Smart Tender Automation: Making It WorkPosted December 20, 2017
This is the last of three blog articles on Tender Automation.
The first article answered the question: what does smart tendering look like? In brief, smart tendering means tendering that anticipates carrier behaviour, that is aware of going market rates, and tries to optimise the cost-to-serve of all transport jobs holistically instead of just the next in the list.
The second article looked at the sorry state of Tender Automation: how it aspires to nothing more than clerical automation. That piece concluded with the view that the world’s best TMSs are providing dumb tendering.
Today’s article look at how TNX enacts Smart Tender Automation. Together, these three articles explain what’s available today, how TNX thinks it should be better, and our concrete progress towards it.

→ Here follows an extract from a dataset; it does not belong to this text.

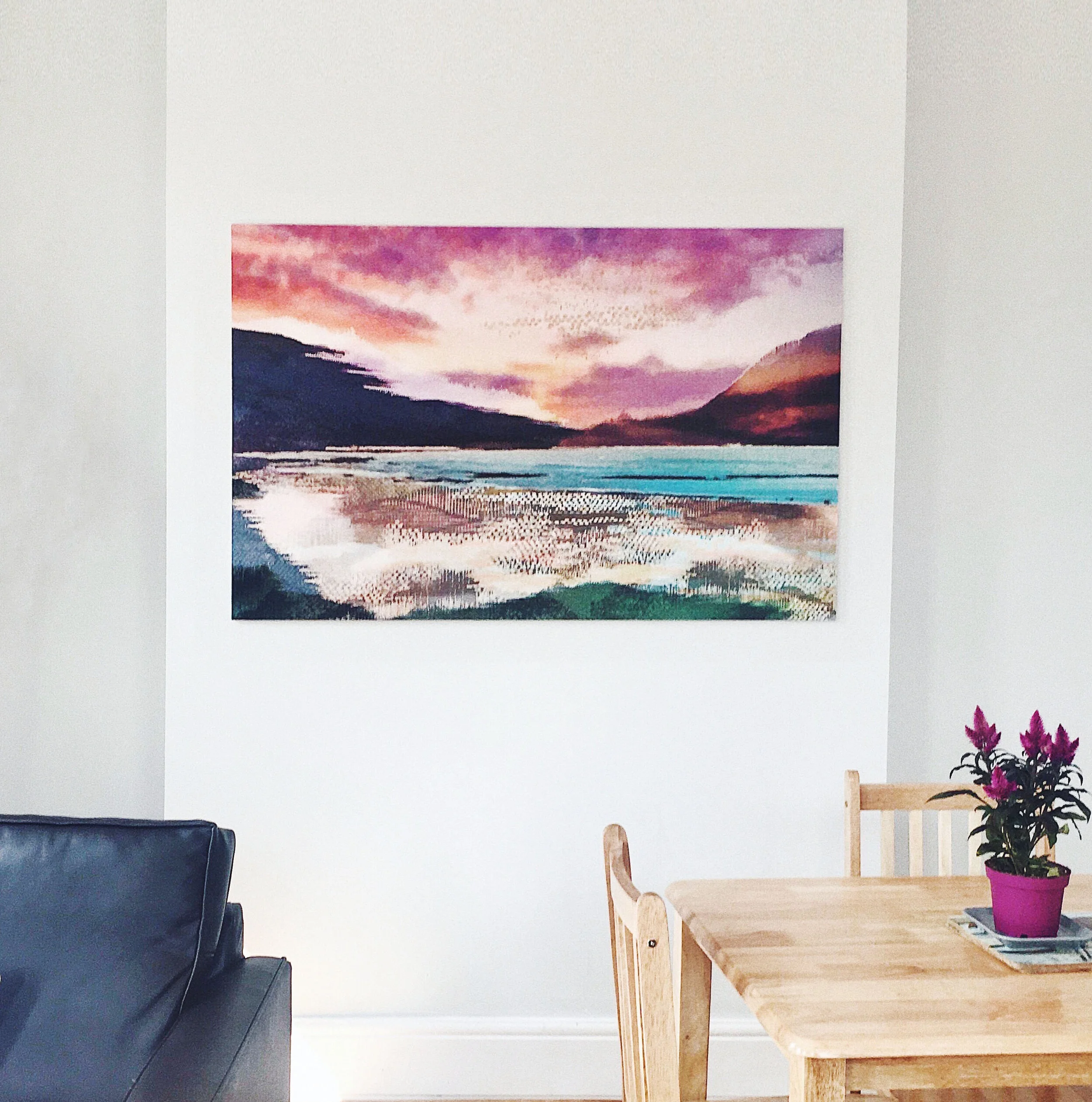 Landscape inspired by Lyme Regis and the Dorset coast. Digital collage of mark making and textures. 120 x 70cm Canvas Print

Putting the Smart Tender Automation concept into practice leads to two decisions that the system answers automatically:
- Given everything we know about the trucking market’s supply & demand, the specifics of all our transport jobs, and carrier’s past behaviour: which carrier should initially be offered each job and at what price?
- Given a rejection or non-response to a tender made to a carrier: which carrier should now be offered each job and at what price?
The first is about the initial offer; the second is how to incorporate new information during the tendering process. In both cases, the objective is to achieve the lowest cost while meeting service expectations, i.e. optimal cost-to-serve for all jobs combined.
This approach differs substantially from the status quo approach because it incorporates new information (carrier behaviour and spot rates), and considers a larger objective (all transport spend instead of one job at a time).
TNX & Tender Automation
The TNX Smart Tender Automation process encompasses spot and contracted rate pricing and acts with a high level of automation and intelligence.
Here is a simplification of the steps behind the scenes:
- For each job, the contracted rates are compared to the spot market rate for a similar shipment. Carriers with contract rates below market levels are given tenders at that rate, which can be accepted immediately. Bids are also accepted up to the (undisclosed) spot market level.
- If enough carriers reject or ignore their tenders, or if past carrier behaviour predicts a high risk of non-acceptance, TNX automatically creates further waves of tenders moving up to all contracted carrier rates plus a spot offer at the going market level.
- If enough carriers reject or ignore their tenders, all carriers are made a spot offer at the highest-carrier contracted rate.
- Anytime tenders are presented to a carrier, TNX optimises their presentation and bundles them to form bigger and multi-stop trips to boost attractiveness according to our understanding of the carrier’s preferences.
The above four-step process is a simplification, of course, but it still paints the picture. Is this better than the leading TMS approach? Absolutely.
First, it blends spot and contract rate dispatching. Second, it incorporates market-based pricing. Third, like a newsfeed, it tries to present tenders by relevance and therefore is better at getting responses. Finally, there is no laborious configuration of rules nor maintaining of them as business needs change. TNX works out of the box.